Background. Recurrence of hepatitis C virus (HCV) infection after liver transplantation is universal, but the relationship between hepatitis C genotype and posttransplant outcome has been controversial. The aim of this study was to assess the relationship between hepatitis C genotype on posttransplant frequency of recurrent hepatitis, histologic severity of recurrence, and progression to cirrhosis. Methods. We studied 42 HCV RNA positive patients who received transplants between 1985 and 1994. Sera were tested for HCV RNA and protocol liver biopsies were in obtained the posttransplant period. Biopsies were scored according to the histologic activity index (HAI) and staged in a blinded fashion. Results. The distribution of hepatitis C genotypes distribution was as follows: 1a, 19 (45%); 1b, 17 (40%); 2b, 3 (7%); and 1 each of 2a, 3a, and 4a. There was histologic evidence of hepatitis in 38 of 42 (90.4%) of patients. Hepatitis C was mild, moderate, or severe (HAI>3) in 38% of grafts and minimal (HAI 0-3) in 62%. Overall HAI scores and histologic stage were higher in the genotype 1b group. Six of 17 (35%) genotype 1b patients had cirrhosis compared with 2 of 25 (8%) in the non-1b genotype group.
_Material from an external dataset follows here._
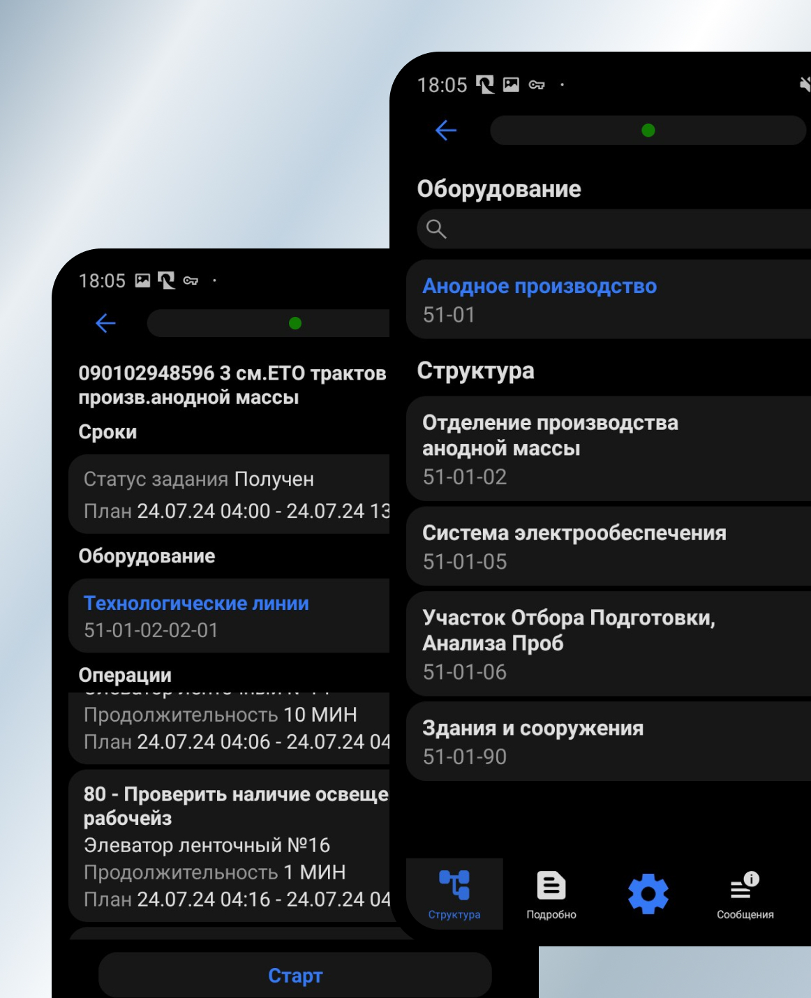 - Учёт выполнения заданий через операции СТАРТ/СТОП с фиксацией использования ТМЦ и отражением качества выполненной работы.

Conclusions. (1) Histologic evidence of recurrent hepatitis C is seen in 90% of liver allografts; (2) Histologic hepatitis C recurs with similar frequency in genotype 1b and non-1b recipients; (3) Genotype 1b is associated with more severe histologic disease recurrence than non-1b genotypes; (4) Genotype 1b appears to be associated with a higher degree of posttransplant fibrosis and cirrhosis than non-1b genotypes.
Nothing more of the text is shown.